[What the task asks]
What you give back from the listing below should be an exact copy of the lines from the one with "Голод, бедность.Портрет красивой" down to the one with "Suplement diety nie", and it should contain no pictures.

[Entries shown]
Segment Open

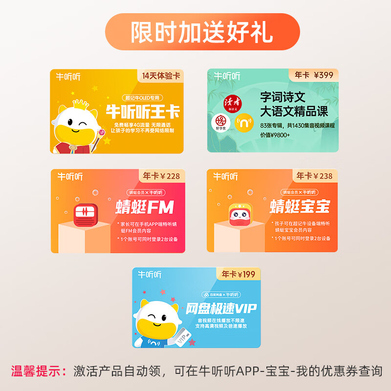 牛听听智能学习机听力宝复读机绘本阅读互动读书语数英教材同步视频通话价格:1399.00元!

Segment Closed
Segment Open

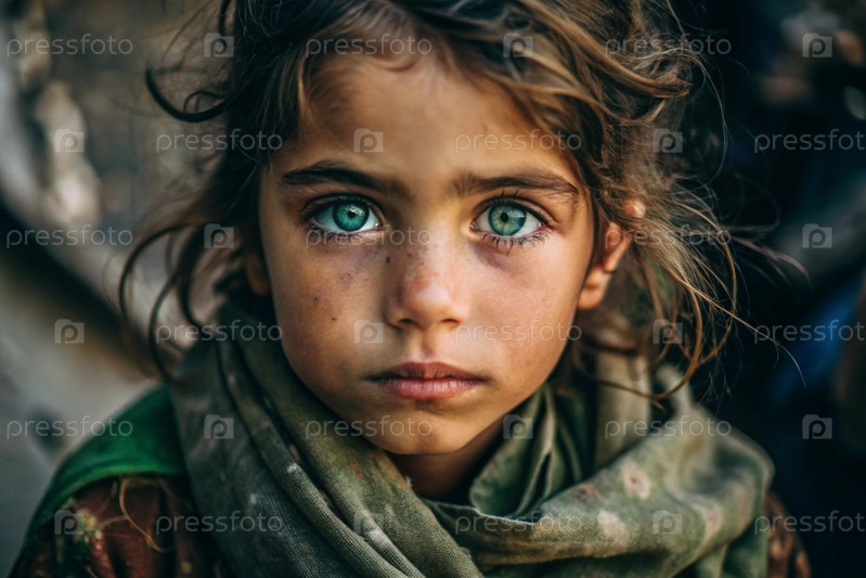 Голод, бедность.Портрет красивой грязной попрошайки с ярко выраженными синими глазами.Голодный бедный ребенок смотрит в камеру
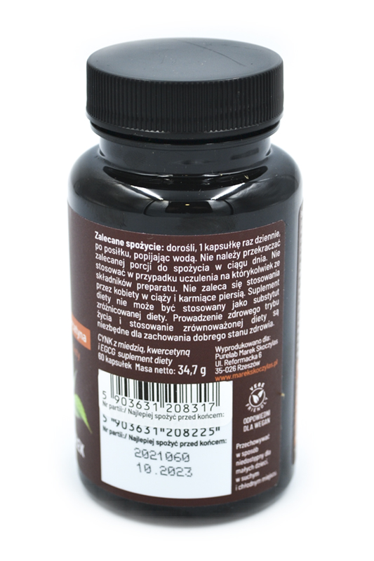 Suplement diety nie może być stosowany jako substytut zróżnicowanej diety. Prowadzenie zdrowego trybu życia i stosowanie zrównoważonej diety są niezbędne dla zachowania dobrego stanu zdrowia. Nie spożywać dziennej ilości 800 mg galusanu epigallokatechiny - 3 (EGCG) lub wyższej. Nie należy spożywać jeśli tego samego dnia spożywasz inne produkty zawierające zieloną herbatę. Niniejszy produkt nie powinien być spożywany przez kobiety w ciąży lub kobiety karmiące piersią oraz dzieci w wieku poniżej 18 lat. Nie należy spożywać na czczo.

Segment Closed
Segment Open

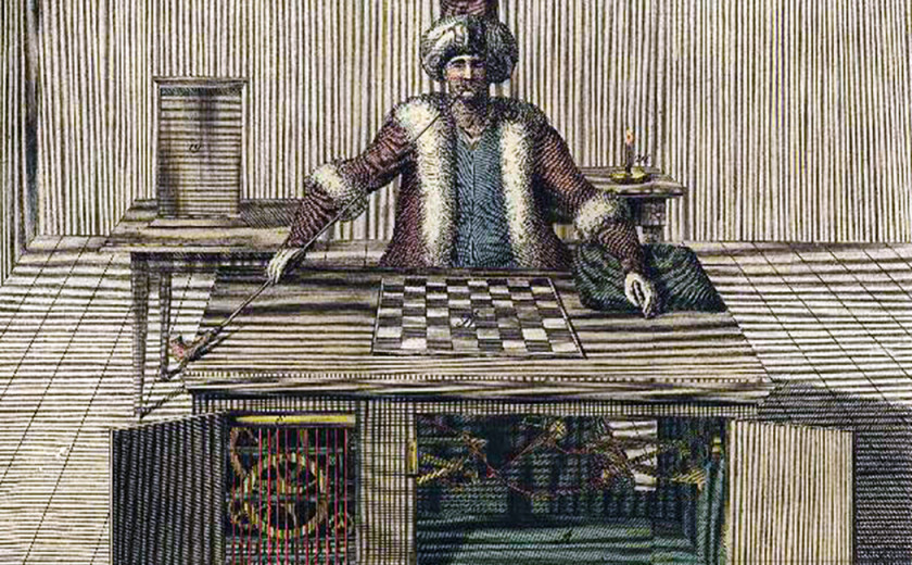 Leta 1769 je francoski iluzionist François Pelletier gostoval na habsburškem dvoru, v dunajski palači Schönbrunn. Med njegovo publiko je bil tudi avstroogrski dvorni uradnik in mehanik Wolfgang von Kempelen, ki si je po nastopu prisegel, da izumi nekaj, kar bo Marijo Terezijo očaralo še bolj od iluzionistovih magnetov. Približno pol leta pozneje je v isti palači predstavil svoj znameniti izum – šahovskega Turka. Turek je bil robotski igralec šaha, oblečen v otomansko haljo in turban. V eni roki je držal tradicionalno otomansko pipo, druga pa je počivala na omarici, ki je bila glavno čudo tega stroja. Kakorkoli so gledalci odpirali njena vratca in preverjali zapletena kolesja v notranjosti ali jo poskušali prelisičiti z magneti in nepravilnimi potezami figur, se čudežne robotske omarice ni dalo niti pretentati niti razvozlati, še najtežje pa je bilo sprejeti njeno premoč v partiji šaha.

Segment Closed

[Task solution]
 Голод, бедность.Портрет красивой грязной попрошайки с ярко выраженными синими глазами.Голодный бедный ребенок смотрит в камеру
 Suplement diety nie może być stosowany jako substytut zróżnicowanej diety. Prowadzenie zdrowego trybu życia i stosowanie zrównoważonej diety są niezbędne dla zachowania dobrego stanu zdrowia. Nie spożywać dziennej ilości 800 mg galusanu epigallokatechiny - 3 (EGCG) lub wyższej. Nie należy spożywać jeśli tego samego dnia spożywasz inne produkty zawierające zieloną herbatę. Niniejszy produkt nie powinien być spożywany przez kobiety w ciąży lub kobiety karmiące piersią oraz dzieci w wieku poniżej 18 lat. Nie należy spożywać na czczo.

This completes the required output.